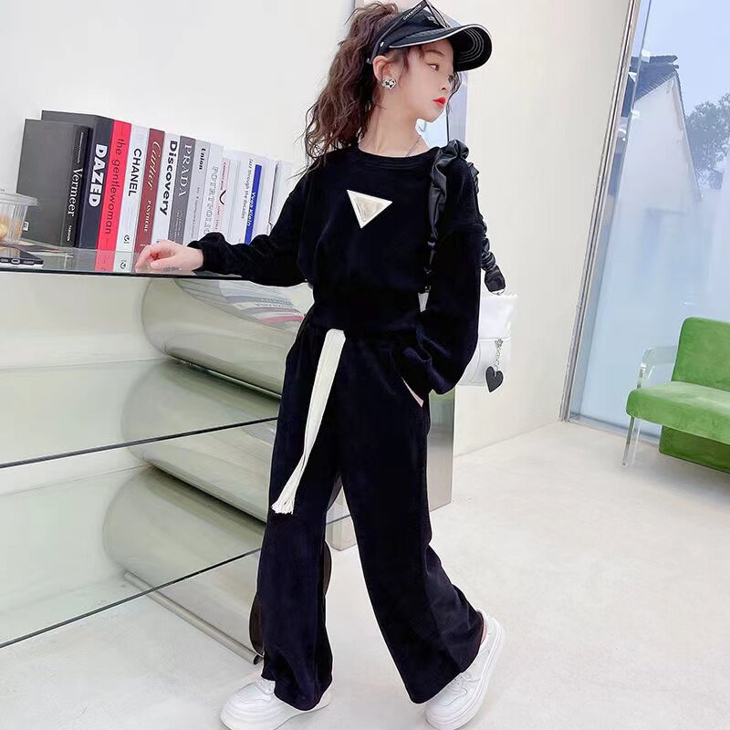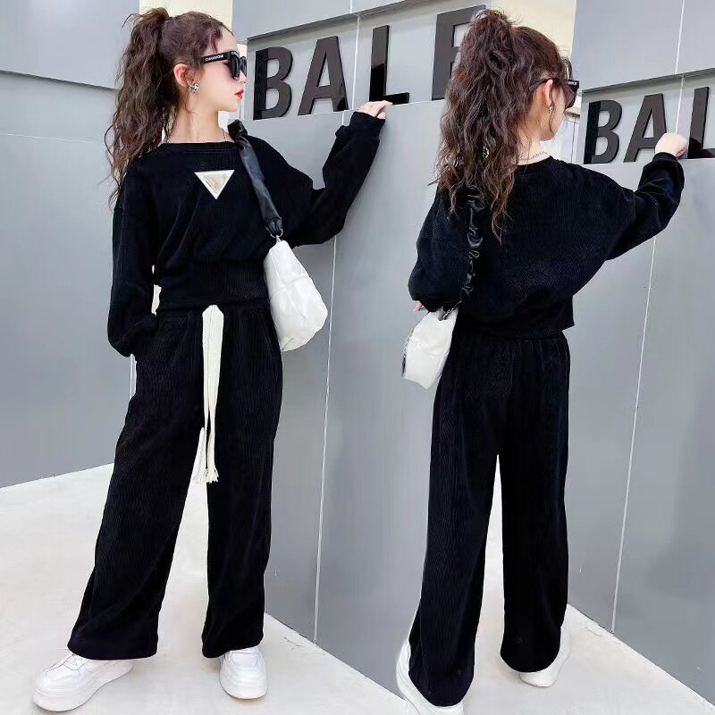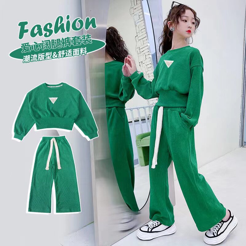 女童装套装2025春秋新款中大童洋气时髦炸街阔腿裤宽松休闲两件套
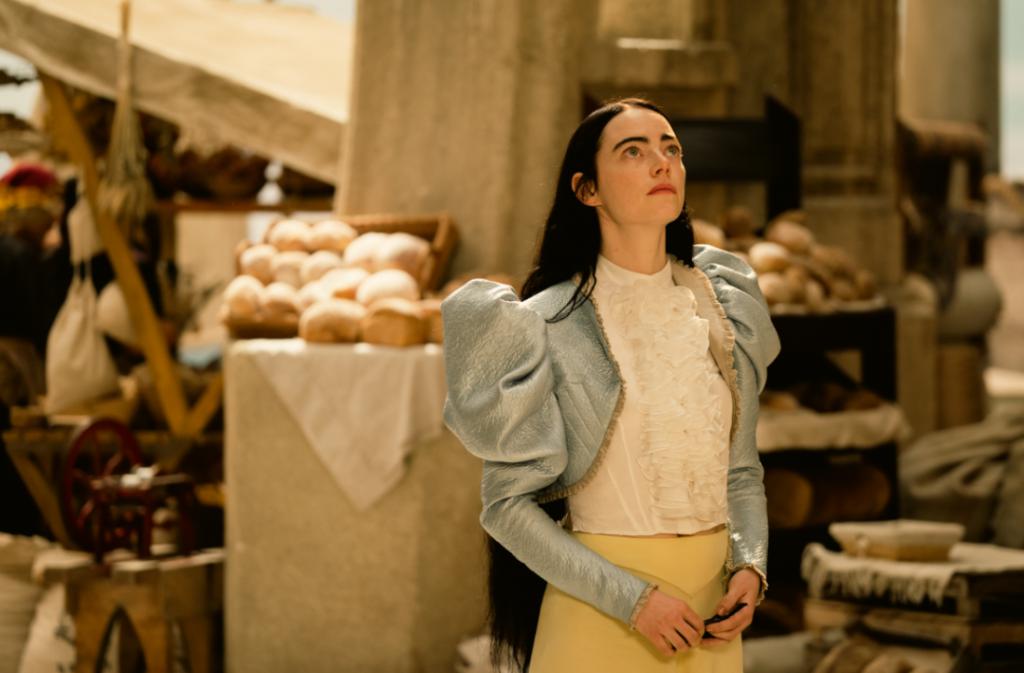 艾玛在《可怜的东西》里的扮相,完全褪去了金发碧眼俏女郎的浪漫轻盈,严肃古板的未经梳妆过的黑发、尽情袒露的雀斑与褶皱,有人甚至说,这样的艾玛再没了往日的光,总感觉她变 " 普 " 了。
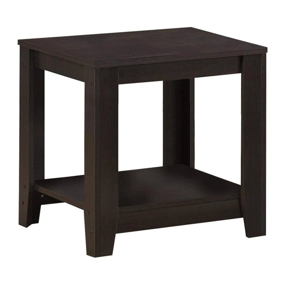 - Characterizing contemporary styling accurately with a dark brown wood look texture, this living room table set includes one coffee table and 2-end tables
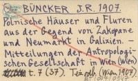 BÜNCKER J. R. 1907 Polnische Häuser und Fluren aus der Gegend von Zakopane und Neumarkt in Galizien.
==
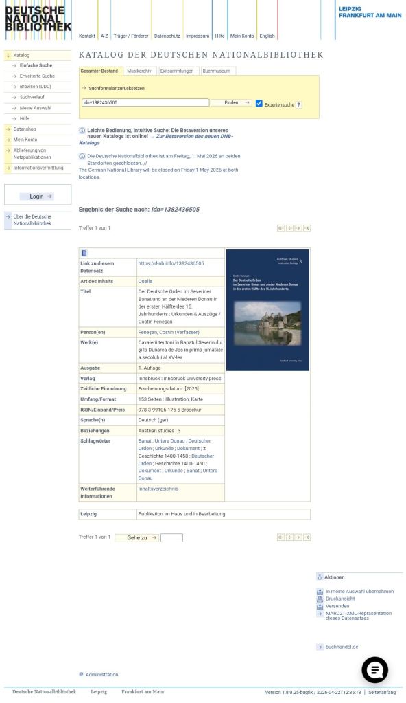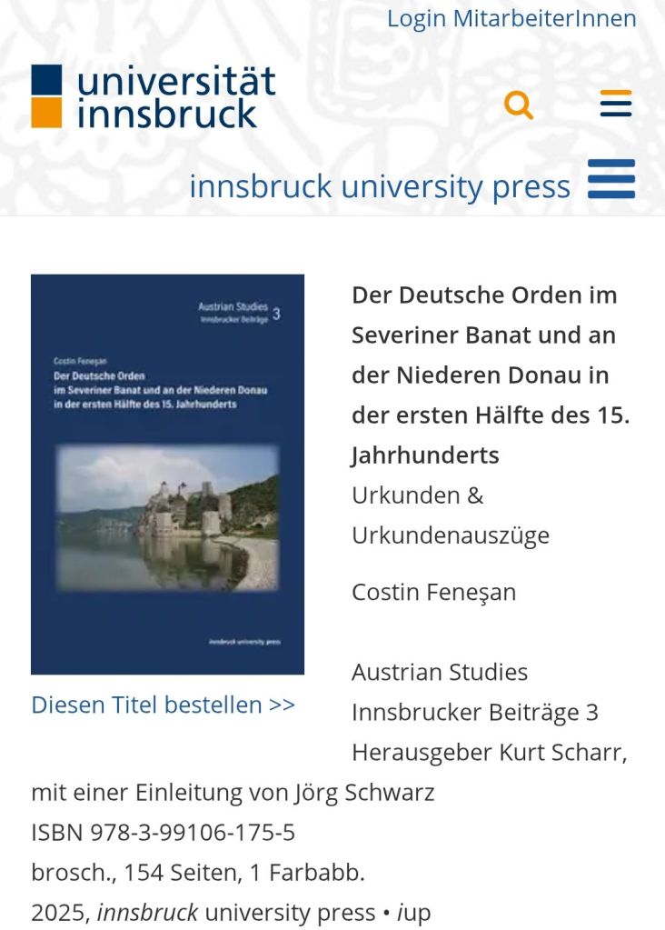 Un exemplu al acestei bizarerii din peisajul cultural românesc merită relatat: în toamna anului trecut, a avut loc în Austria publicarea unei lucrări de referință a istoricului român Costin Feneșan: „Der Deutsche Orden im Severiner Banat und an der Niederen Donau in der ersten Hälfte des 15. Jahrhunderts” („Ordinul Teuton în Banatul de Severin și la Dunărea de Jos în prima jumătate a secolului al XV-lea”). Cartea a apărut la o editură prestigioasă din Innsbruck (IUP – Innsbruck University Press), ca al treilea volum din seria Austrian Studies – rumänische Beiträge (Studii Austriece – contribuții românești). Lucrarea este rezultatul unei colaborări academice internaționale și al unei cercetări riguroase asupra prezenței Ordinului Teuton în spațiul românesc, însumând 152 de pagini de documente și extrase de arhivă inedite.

REQUIREMENT
Reproduce the records above exactly, but only from the line with "女童装套装2025春秋新款中大童洋气时髦炸街阔腿裤宽松休闲两件套" up to and including the line with "BÜNCKER J. R.". Leave the pictures out.

RESULT
 女童装套装2025春秋新款中大童洋气时髦炸街阔腿裤宽松休闲两件套
 艾玛在《可怜的东西》里的扮相,完全褪去了金发碧眼俏女郎的浪漫轻盈,严肃古板的未经梳妆过的黑发、尽情袒露的雀斑与褶皱,有人甚至说,这样的艾玛再没了往日的光,总感觉她变 " 普 " 了。
 - Characterizing contemporary styling accurately with a dark brown wood look texture, this living room table set includes one coffee table and 2-end tables
 BÜNCKER J. R. 1907 Polnische Häuser und Fluren aus der Gegend von Zakopane und Neumarkt in Galizien.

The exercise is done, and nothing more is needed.